Fifteen senior medics have written to the UK government calling for urgent action to tackle the 'routine misuse' of antibiotics in farming.
Signatories to the letter, which was published today in The Telegraph to coincide with World Antibiotic Awareness Week, include the President of the Royal Society of Medicine - Babulal Sethia, the President of the British Medical Association - Professor Pali Hungin, and the Presidents of ten Royal Colleges and Societies.
Coordinated by the Alliance to Save our Antibiotics and Medact, the letter states: “We urge the government to immediately introduce a UK-wide ban on the routine preventative mass medication of animals, and to urgently curb farm use of the ‘critically important’ antibiotics.”
Use of antibiotics in intensively farmed livestock, particularly of pigs and poultry, accounts for nearly 90% of all farm antibiotic use in the UK. It remains legal in the EU to routinely administer antibiotics to whole groups of livestock before any disease has been diagnosed within the group.
Professor Maureen Baker, Chair of the Royal College of General Practitioners, said: “GPs and our teams are doing an excellent job of reducing prescriptions for antibiotics, with the latest NHS figures showing a 2.6m decrease in UK general practice last year. But it’s not just the healthcare sector that has responsibility for curbing resistance to antibiotics; the agriculture sector must also play its part. If antibiotics continue to be given to livestock when they are not needed it will put patients at risk all over the world. We support the recommendations outlined in this letter and would urge the Secretaries of State to take them into serious consideration.”
Banning of routine antibiotic use in farming
In March 2016, the European Parliament voted for an EU-wide ban to all routine antibiotic use in farming. Forthcoming negotiations between the Council of Ministers, the European Parliament and the European Commission will consider this proposal. Letter signatories urge the UK government to take a strong stand in these discussions, and to ensure that, post-Brexit, such measures are enshrined in UK law.
Professor Jane Dacre, President of the Royal College of Physicians said: “In the light of the UK’s forthcoming exit from the EU, there is a clear need for unambiguous domestic policies which ensure that antibiotics are used judiciously in human and animal medicine. The use of important antibiotics to routinely mass medicate groups of livestock does not constitute judicious use, and should have no place in any antibiotic-reduction strategy for the UK.”

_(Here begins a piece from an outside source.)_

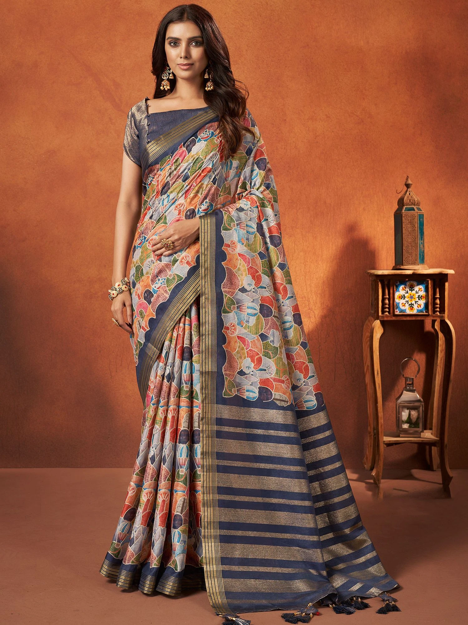 Exude major regal vibes adorning this multicolor saree made in crepe silk. Furnished using printed patterns, showcasing distinstive borders and pallu. Comes with a matching blue color blouse in brocade jacquard. Note: The accessories featured are purely for fashion purposes. Due to photography reasons, some color variations may occur. The un-stitched blouse may be customized up to 42 inches.

MPs have also recently spoken out on this issue. Following the revelations in September of multi-drug resistant E.coli on supermarket meat, 57 MPs from across the political parties have signed an Early Day Motion calling on supermarkets to ban the routine preventative use of antibiotics in their supply chains. However, only Waitrose has so far clarified that it prohibits such practices.

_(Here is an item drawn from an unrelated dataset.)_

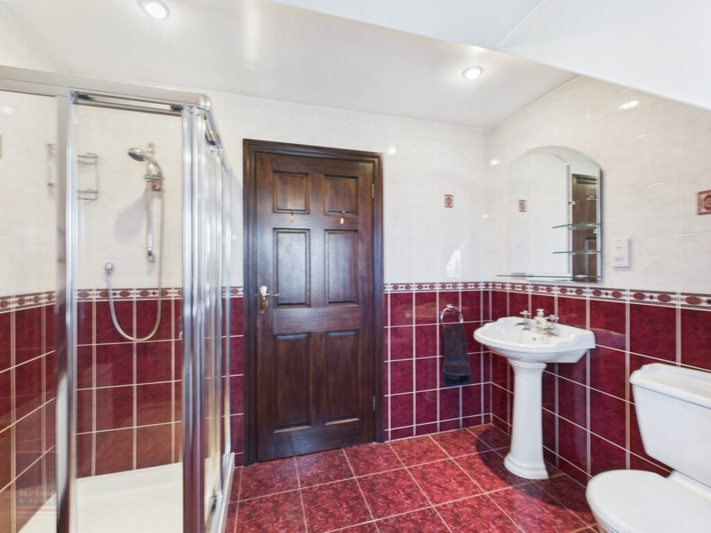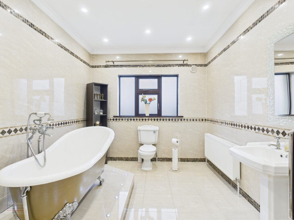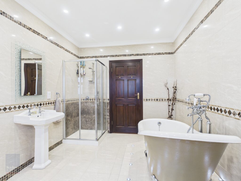 Family Bathroom 4.03m x 2.75m Fully tiled, ceiling coving, recessed lighting, feature raised free-standing bath with LED surround lighting, w.c., w.h.b. and shower stall with pump shower.

Professor John Middleton, President of the Faculty of Public Health concluded: “The evidence linking the overuse of antibiotics in farming and resistance in human bacterial infections is extremely compelling. It is clear that more needs to be done to limit veterinary prescribing. The government must now listen to, and act on, the concerns of the medical community - and place public health at the heart of considerations around the future UK farm antibiotic-use policy.”

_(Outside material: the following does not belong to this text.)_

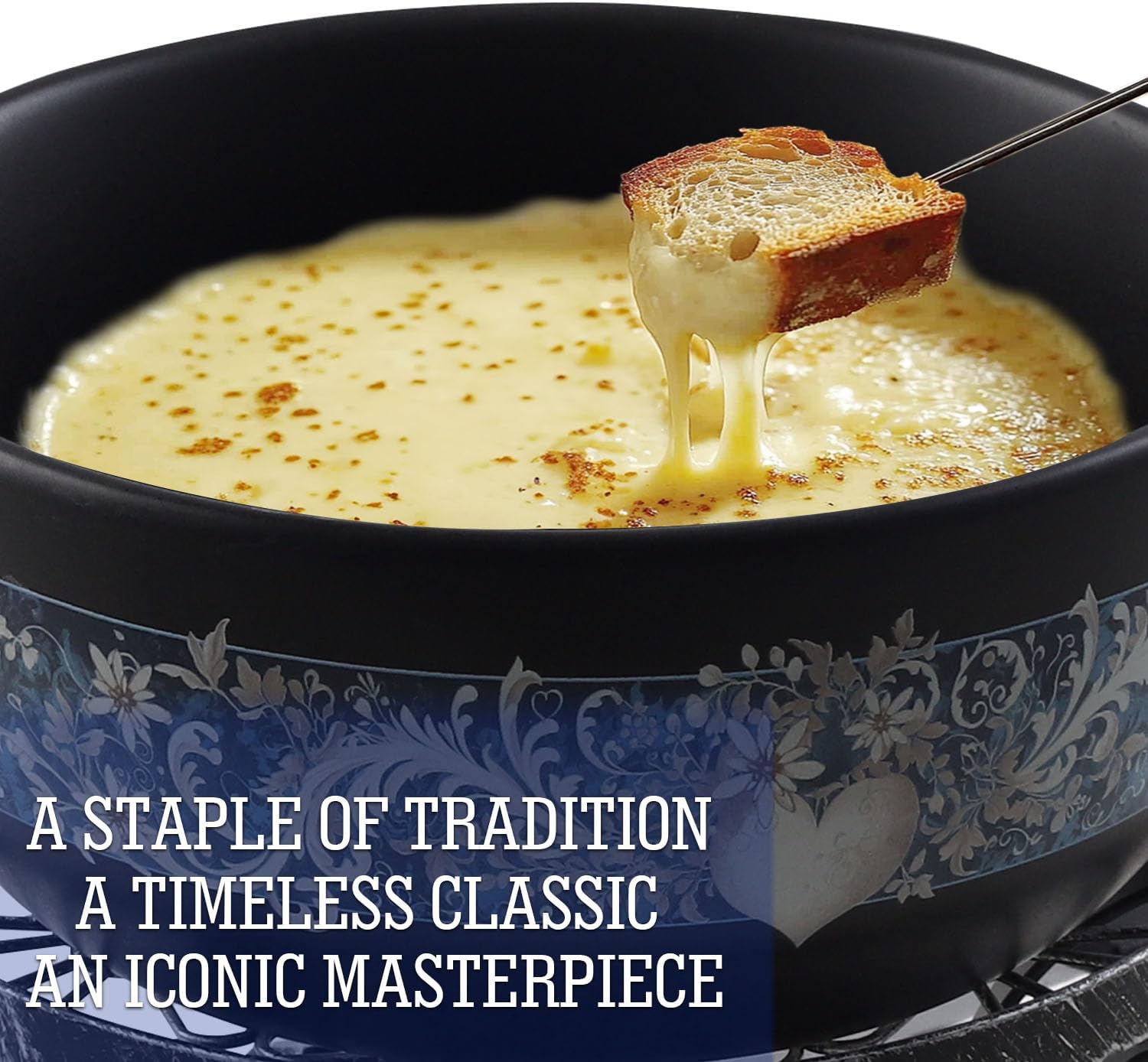 Artestia Swiss Fondue Set for Party - 2L Large Capacity Cheese Fondue Pot Melting Chocolate, Ceramic Fondue Pot, 6 Fondue Forks, Christmas, Wedding Gifts (Enchantment)

'Modern medicine as we know it will be undermined'
Andrea Leadsom, Secretary of State for Environment, Food and Rural Affairs and Jeremy Hunt, the Health Secretary, said: "There is a real risk that, if we do nothing, modern medicine as we know it will be undermined."
"The UK will work closely with different individual sectors to ensure that appropriate sector specific reduction targets are agreed by 2017 so that future reductions are greatest where there is most scope. Encouraging best practice and responsible use of antibiotics, which safeguard animal health and welfare, is a must," the government report said.
Earlier this year, Dairy UK launched a package of new measures for the dairy industry as part of its ongoing commitment to the prudent use of antibiotics. The aim is to deliver "safe and wholesome" dairy products to consumers across the UK, according to the trade association.
The UN's Food and Agriculture Organisation (FAO) has also pledged to help countries develop strategies for tackling the spread of antimicrobial resistance in their food supply chains. The misuse of drugs, associated with the emergence and spread of antimicrobial-resistant micro-organisms, places everyone at great risk, the FAO has said.
And British pig producers are making progress in the sector's commitment to record and control the use of antibiotics in the industry, data shows. In less than two months, antibiotic data for over 1.2m pigs has already been contributed by pig producers to the British pig industry's new on-line medicine book.
"The levy-funded on-line electronic medicine book is the most important strand of the Stewardship Programme," said Dr Georgina Crayford, who leads the National Pig Association's recently-launched Pig Industry Antibiotic Stewardship Programme.